I am new to UNIX. I have some software which need to be installed in UNIX.

I have below the list of OS provided by a third party software provider. Can anyone help me out: which OS Software will be compatible with Solaris?

For example I want to install oracle.rpm for Solaris but Oracle has not provided an RPM for solaris. They have provided RPMs for the below OS.

Which one will be compatible with Sun Solaris?


5 Answers 5


Solaris is not a Linux distribution so, if you have binary software which can be installed on any of those operating systems listed (which are all Linux distros), it won't install on Solaris.

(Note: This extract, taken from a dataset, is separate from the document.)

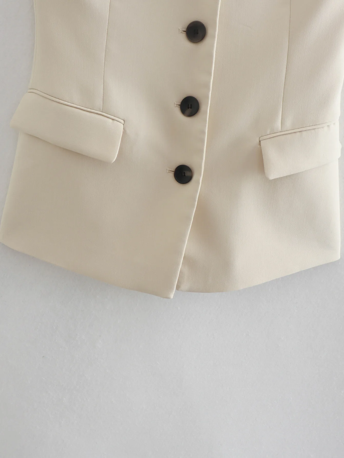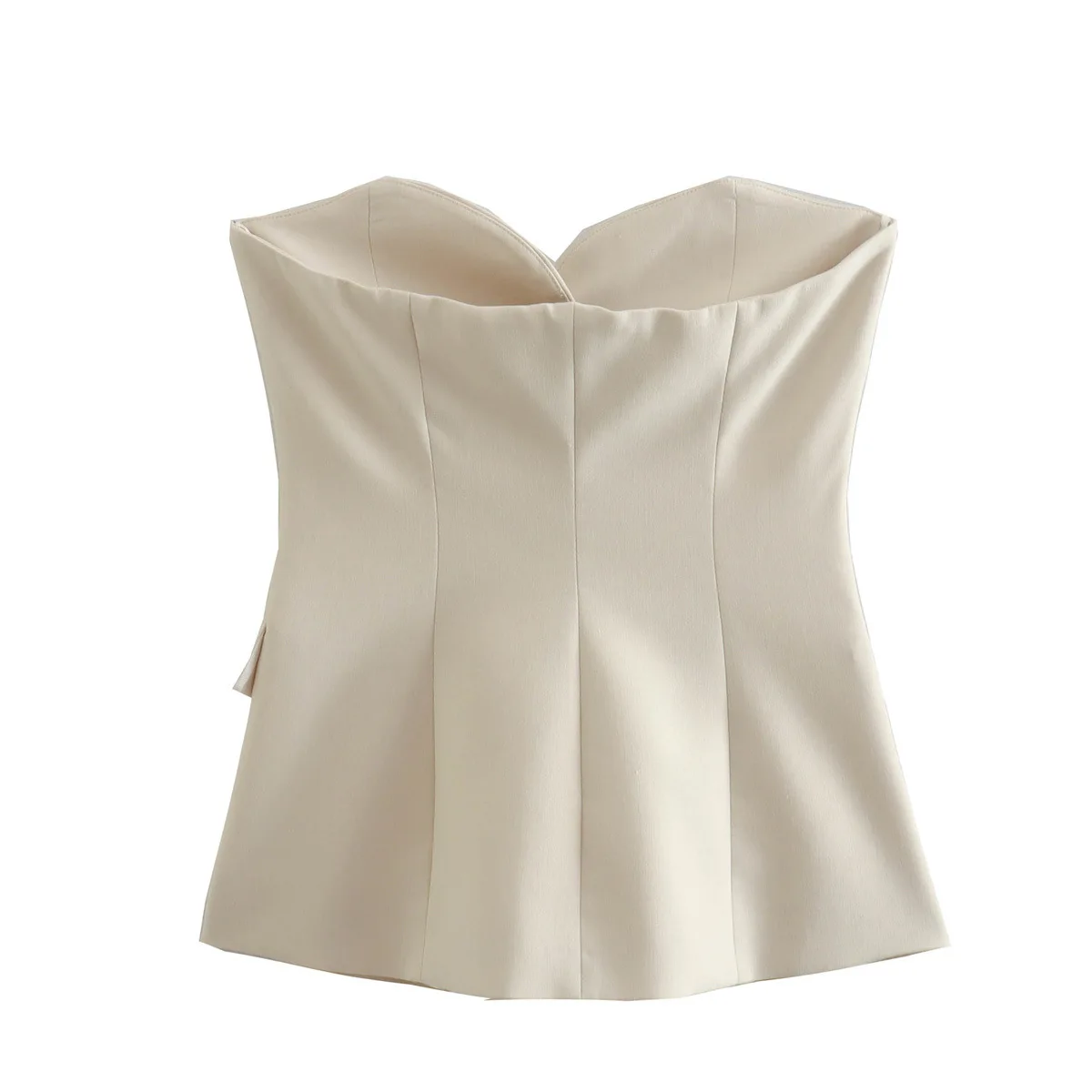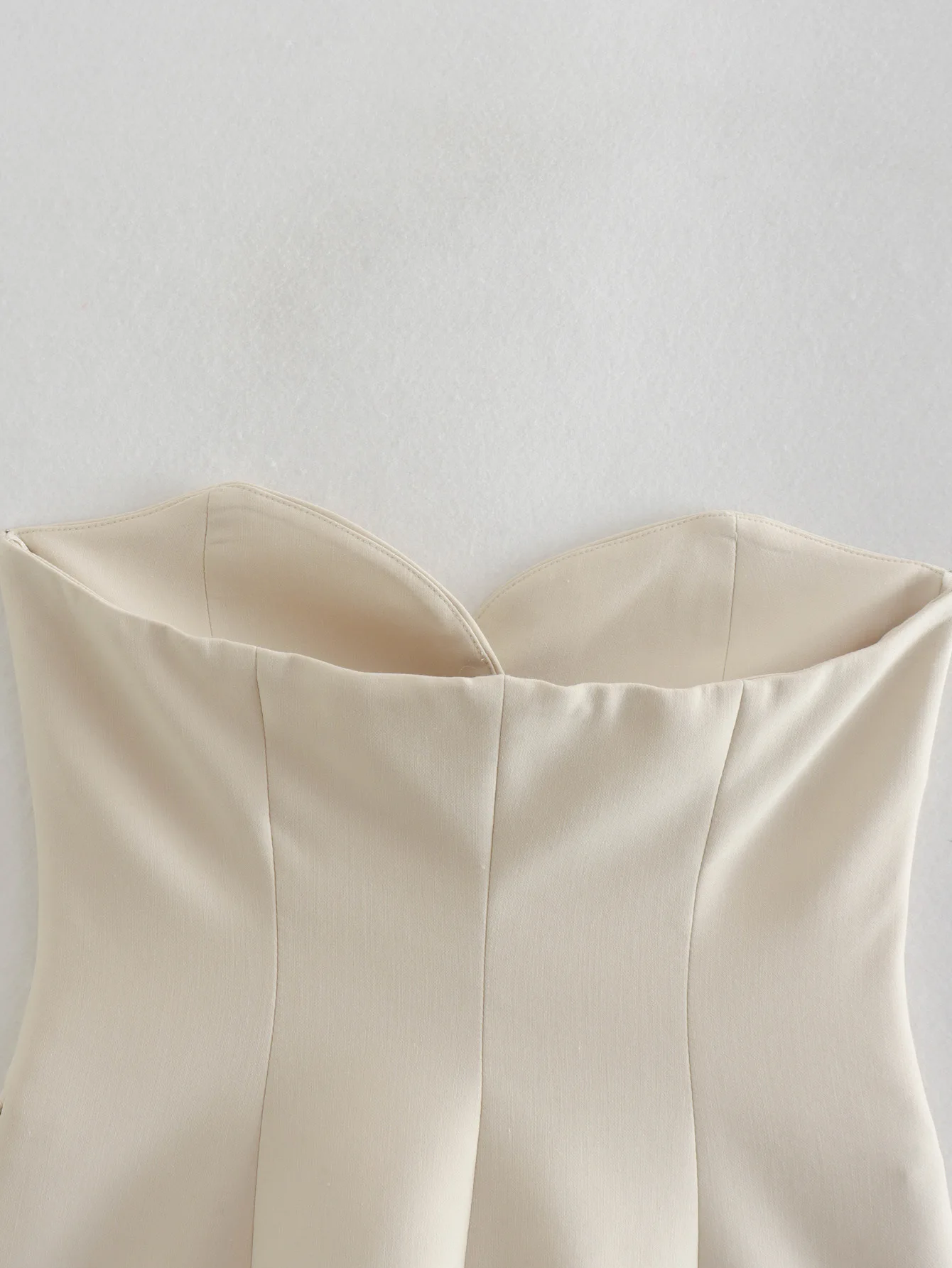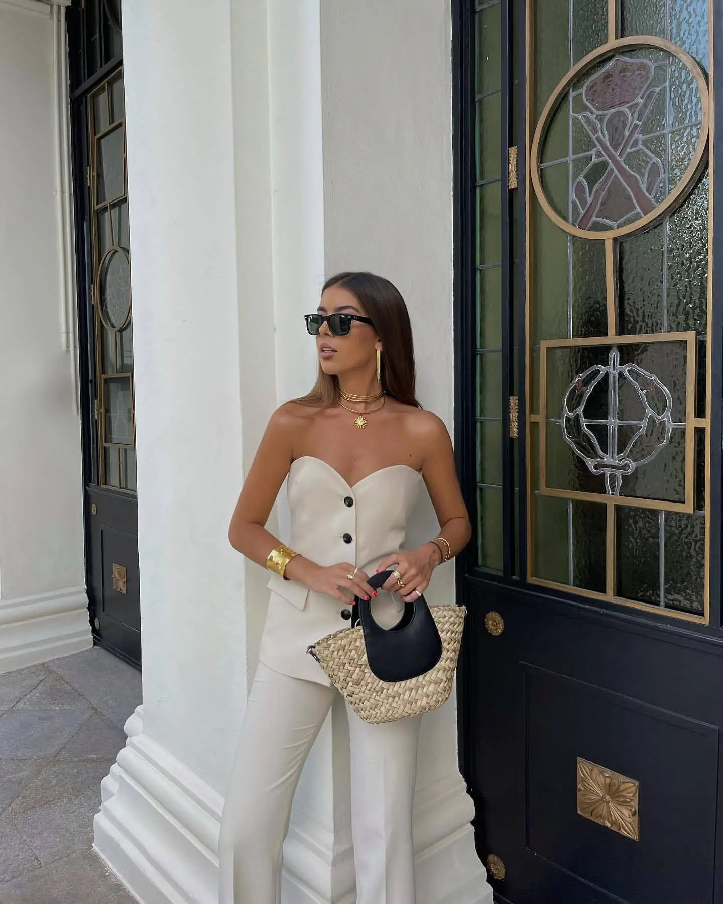 Purpdrank Elegant Solid 2 piece Pant Sets 2025 Button Strapless Sexy Tank Tube Tops + Straight Leg Slit Trouser Female Chic Streetwear

In fact, unless you're running Solarix/x86, even the lowest binary level is likely to be totally incompatible. The vast majority of Solaris installations we deal with are still Solaris-on-SPARC, which is fundamentally incompatible with x86 operating systems.

If you have the source code, you could possibly compile it on Solaris but:

  1. It's not something I'd suggest for a novice; and
  2. Solaris is different enough from Linux to cause some fundamental problems (in my experience).

Just try OpenCSW which provides tons of third-party software without efforts.

To install Oracle, just download Oracle for Solaris.


It sounds like you're trying to install a product from Oracle on Solaris. What you've listed appear to be what I suspect to be different install procedures/builds for different flavors of Linux. You'll need to get/download the product from the vendor, or use one of the OSes you have media for.

In the event you want Oracle 12c on Solaris 11 in 5 steps.


Those are all GNU/Linux distributions. They're not applications you'd install in Solaris, they're entire operating systems that you'd install instead of Solaris.

  • i mean i have some software .rpm inside that folders
    – Tapsi
    Commented May 20, 2011 at 6:05
  • 2
    @Tapsi: none of those are compatible with a Solaris OS.
    – Mat
    Commented May 20, 2011 at 6:06
  • Solaris doesn't use RPM packages. See if the software you need is actually available as a Solaris package. Or consider just using Linux instead of Solaris.
    – Wyzard
    Commented May 20, 2011 at 6:08

Those are all Linux distributions (operating systems), not programs which you install.

If you want to try one of them, just burn the ISO onto a disk and boot it up.

I wouldn't suggest Solaris or any other non-mainstream OS to new users, as it will be a pain to find support. Try Ubuntu 10.10 or 10.04, as that distribution is aimed at newer users.